Wednesday, January 19, 2011

the kindness of strangers

some people are intensely private but i am not one of them. i don't like being the topic of idle gossip but i have always been upfront about my life....my way of defusing potential terrorist attacks. i have made choices in my life that, in retrospect,  were maybe not the smartest decisions but i did what i thought was best at the time. i don't have lots of regrets. i don't have skeletons buried in the closet.

i have this annoying brain disease and i don't try to pretend otherwise. i am not out to win sympathy votes, i don't want pity, but spinocerebellar ataxia is now a part of me and i wave the disability flag...not exactly 'proudly' but with complete honesty. i use my handicap parking decal. i use a cane and a walker. i know at times i slur my words and i stumble. i used to get embarrassed. i don't anymore.

my sister, cheryl, died of sca two years ago. cheryl was an intensely private person and she avoided canes and walkers like the  plague. she seldom talked about this disease. she wasn't interested in research or support groups...maybe it was a form of denial or maybe it was just the way she was.  i don't know.

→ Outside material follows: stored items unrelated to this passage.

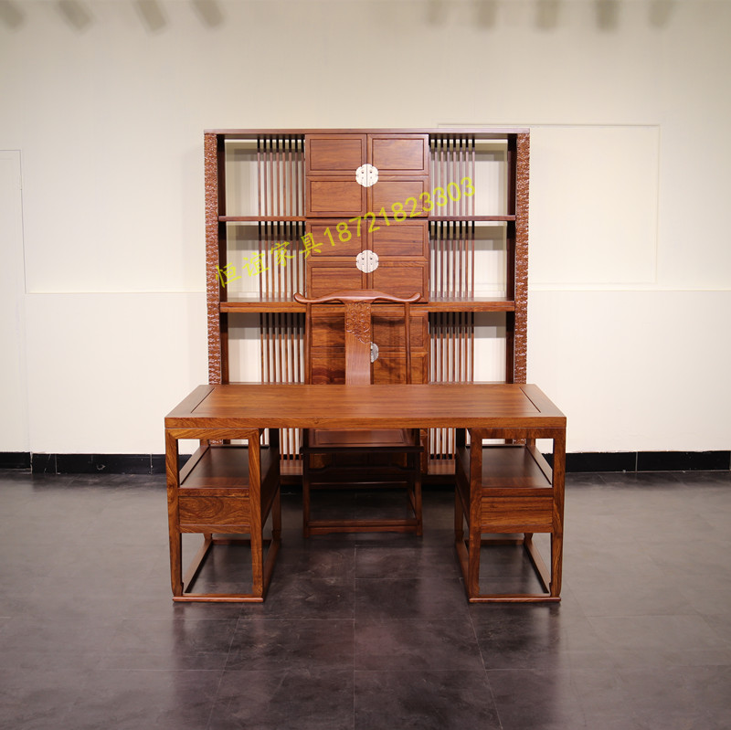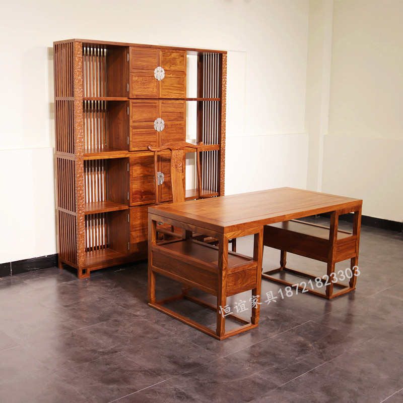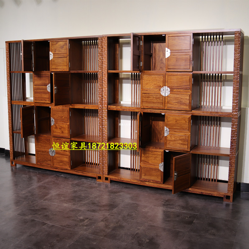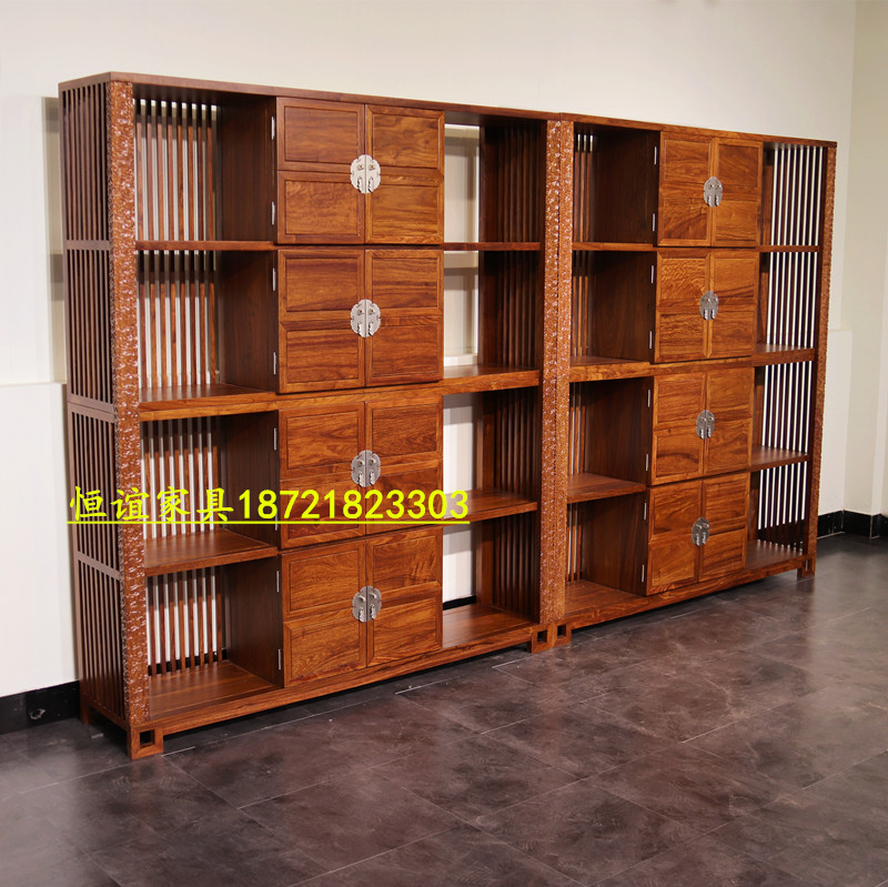 Modern new Chinese all solid wood bookcase hedgehog red sandalwood Chinese furniture Xiangyun bookshelf rack rosewood bookcase
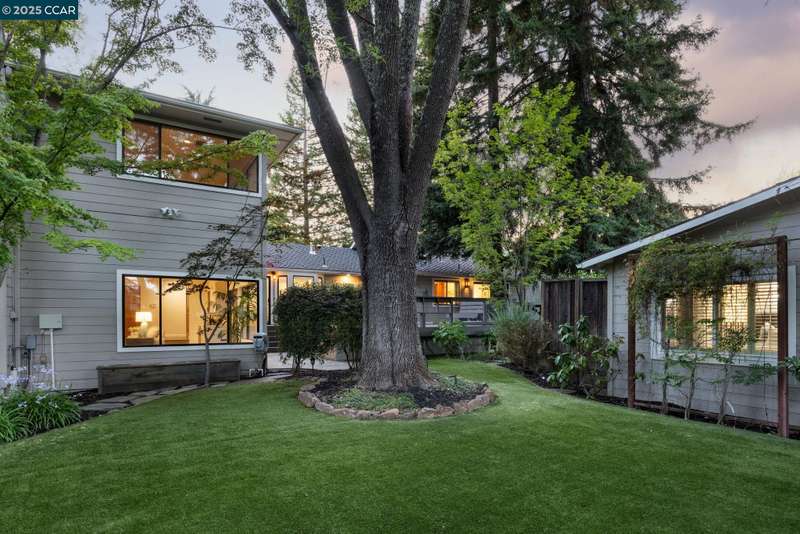 Luxury Home and Guest House set within an expansive private oasis in the heart of Reliez Valley. This exceptional property offers unparalleled luxury and privacy with 3,297 sq ft in the main house and 724 sq ft in the guest house, both updated for modern comfort and sophisticated design. The estate boasts a sprawling landscaped yard with a pool, spa, and various fruit trees, ideal for relaxation and entertainment. The main house features 4 bedrooms + office and 3 remodeled bathrooms, including a primary bath with a double shower, heated floors, and a light therapy jetted tub. The chef's kitchen is equipped with top-of-the-line Miele and Wolf appliances, stone counters, and an aquarium. A spacious family room with built-in cabinetry, fireplace, wine closet and sliding door that leads to the backyard. The guest house is a private retreat with a full kitchen, bathroom, laundry, and separate address and driveway, perfect for guests or tenants. This meticulously curated estate offers a serene, resort-like atmosphere in a coveted location with hiking, shopping, transportation and award winning Lafayette schools all in close proximity.
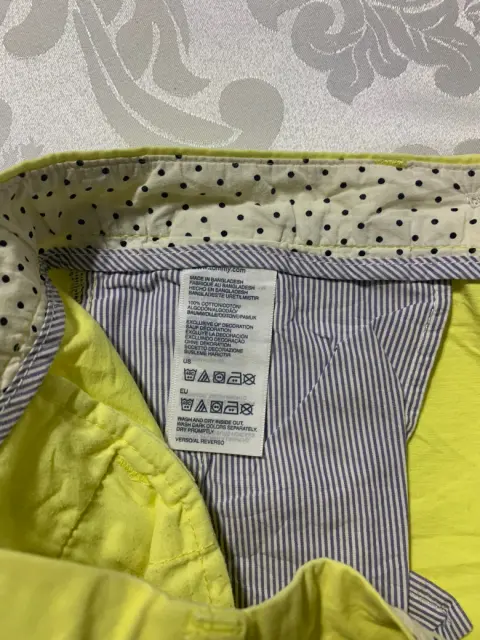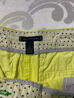 Short casual Tomy. Short casual sin strech, con 4 bolsillos. Color amarillo intenso.Medidas/ cintura: 38 cm, cadera: 47 cm, tiro: 21 cm, largo: 30 cm.
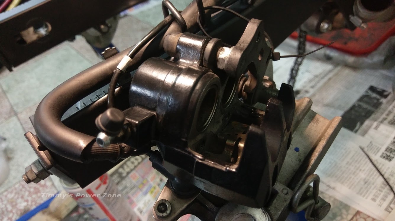 清潔來令片,習慣上我都會把來令片卸下來整理,清理卡鉗上的粉塵、活塞。不過這次我出了個包,就是整理完畢,來令片裝回去後,我忘記把插銷鎖上,只有放進去而已沒有鎖緊,還騎了500km才發現。幸好沒有噴出來,不然還真不知道會發生什麼事@@
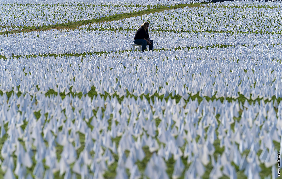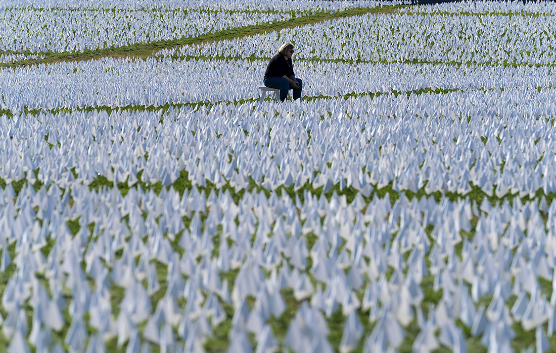 2 октября. Число погибших от COVID-19 в США превысило 700 000 - это больше населения Бостона. На фото: арт-инсталляция, посвященная жертвам COVID-19, в Вашингтоне.
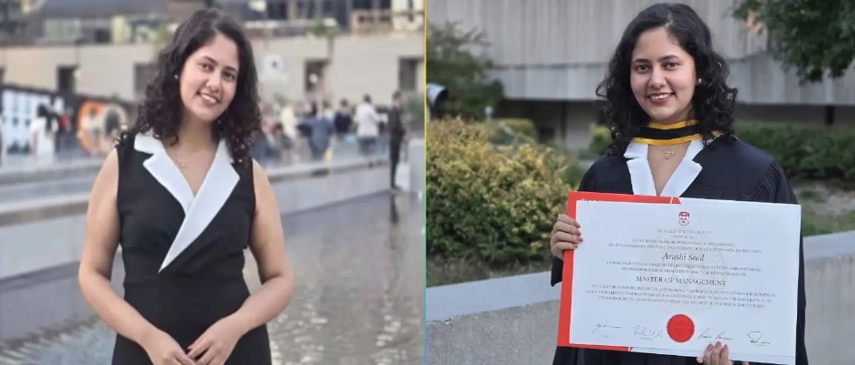 दिल्ली में एक निजी संस्थान में एक वर्ष तक कार्यरत रहने के साथ-साथ आरुषि ने विदेश में पढ़ाई के अपने सपने को साकार करने की दिशा में लगातार प्रयास किए। जून 2024 में उन्हें कनाडा की प्रतिष्ठित मैकगिल यूनिवर्सिटी में वजीफे के साथ दाखिला मिला और अब उन्होंने सफलतापूर्वक मास्टर्स की डिग्री प्राप्त कर ली है।
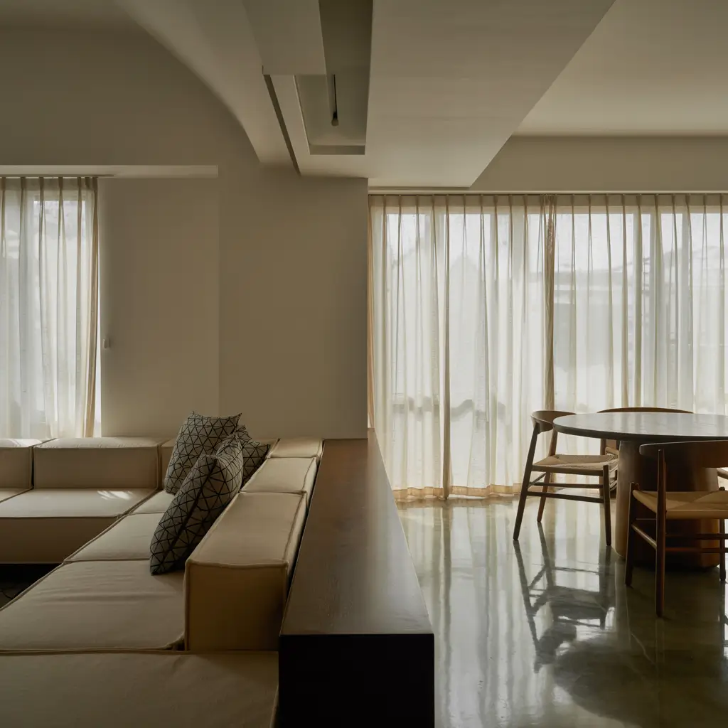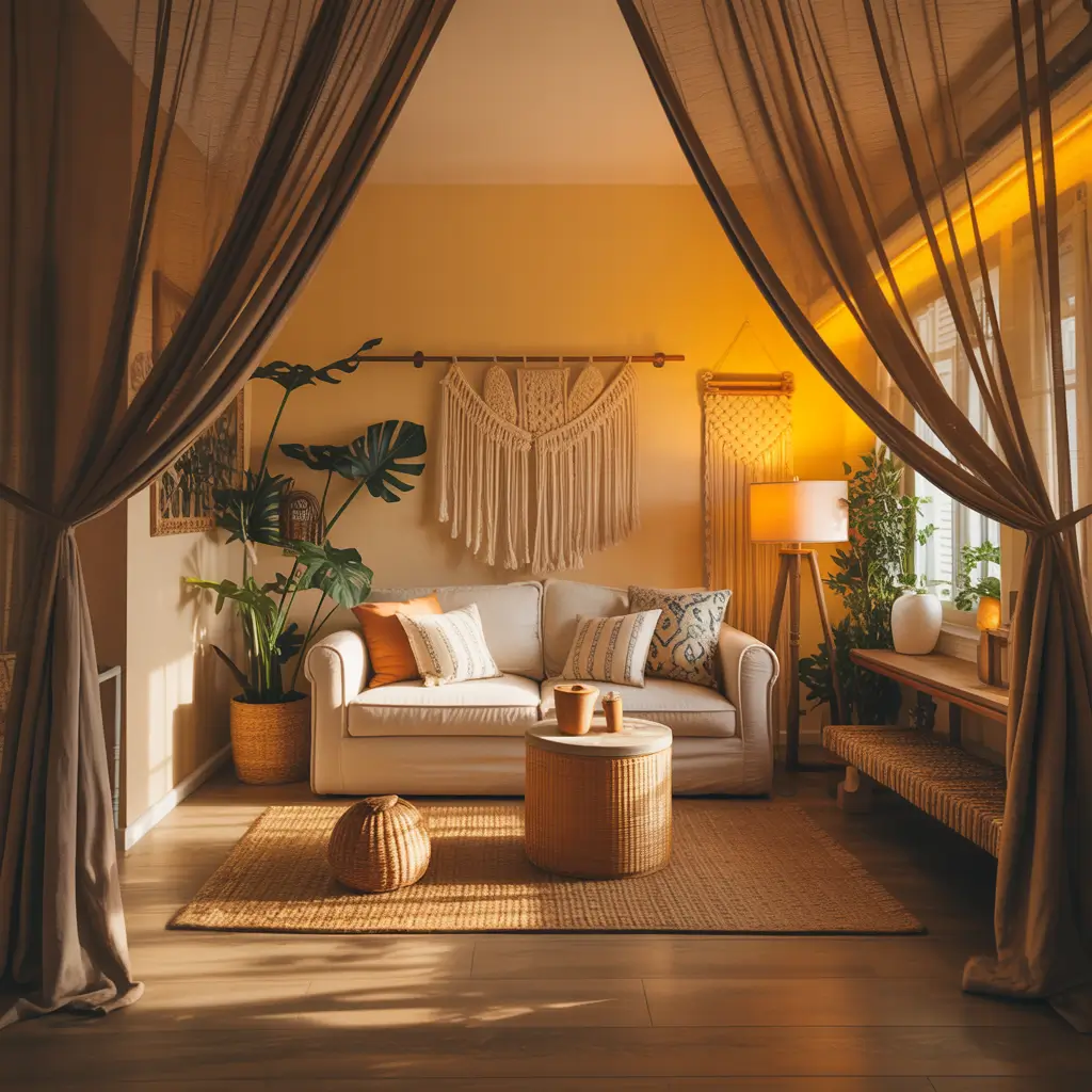 6. Curtain Divider Cozy Living Room Zoning Idea
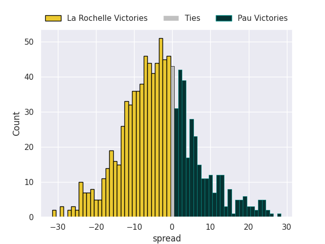 The first set of predictions treats a club as the smallest object, as the club develops its members, organizes a gameplan, and deploys its players as needed for each match. This club model is currently predicting La Rochelle to win by 3.43.
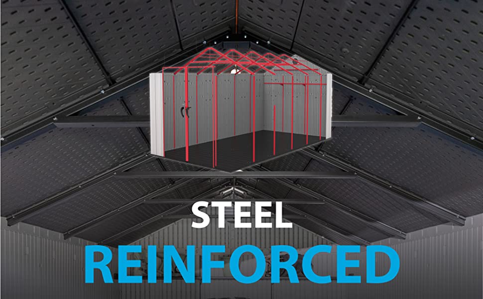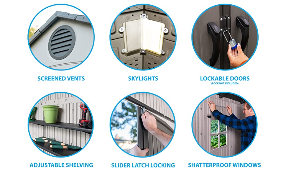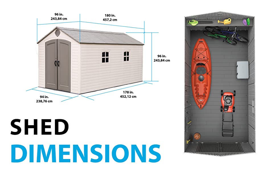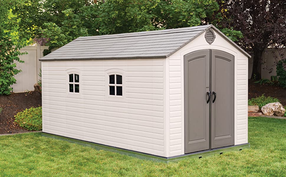 The Lifetime 8 ft. x 15 ft. Outdoor Storage Shed features: (5) small skylights, (2) shatter-proof impact-resistant windows, (2) screened vents, (1) 90 in. x 9 in. shelf, (2) 30 in. x 10 in. shelves, (2) corner shelves, and a 10-year limited warranty. Floor and installation hardware included. Comes in (3) boxes.Lifetime’s 8-foot wide Outdoor Storage Sheds are the perfect solution to your storage needs. Built with durable, dual-wall high-density polyethylene, our sheds are steel-reinforced and low-maintenance. With various features including shatter proof windows, skylights, custom shelving, and much more, a Lifetime Shed is the perfect addition to your backyard.
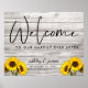 O letreiro de casamento rústico apresenta textura de madeira, girassóis e tipografia de boas-vindas com letra cursiva, adicione o nome das noivas e do noivo com uma data para o seu dia de casamento. Envie-me um e-mail @ JMR_Designs@yahoo.com se precisar de ajuda ou tiver alguma solicitação especial.

i  find that being open about having sca makes my world so much easier. i have made great friendships with other ataxia victims who, like me,  visit an ataxia site on facebook. i found a wonderful church in el paso (that sparked my faith after a lifetime of doubts)  because a woman on a flight from el paso inquired about my cane....and we chatted all the way to austin and she recommended st. mark's church in that conversation. strangers are usually very kind. they smile. they hold doors. they sometimes ask about this disease. my opinion about humanity greatly improved after i was diagnosed with sca. there is comfort in knowing that i am surrounded by people who genuinely care about me....some i have known forever and some i meet briefly  as i walk this walk....but each encounter reminds me that i am truly blessed.

1 comment:

  1. I think that for the most part, we get back what we give out...you exude friendly, so it comes back at ya.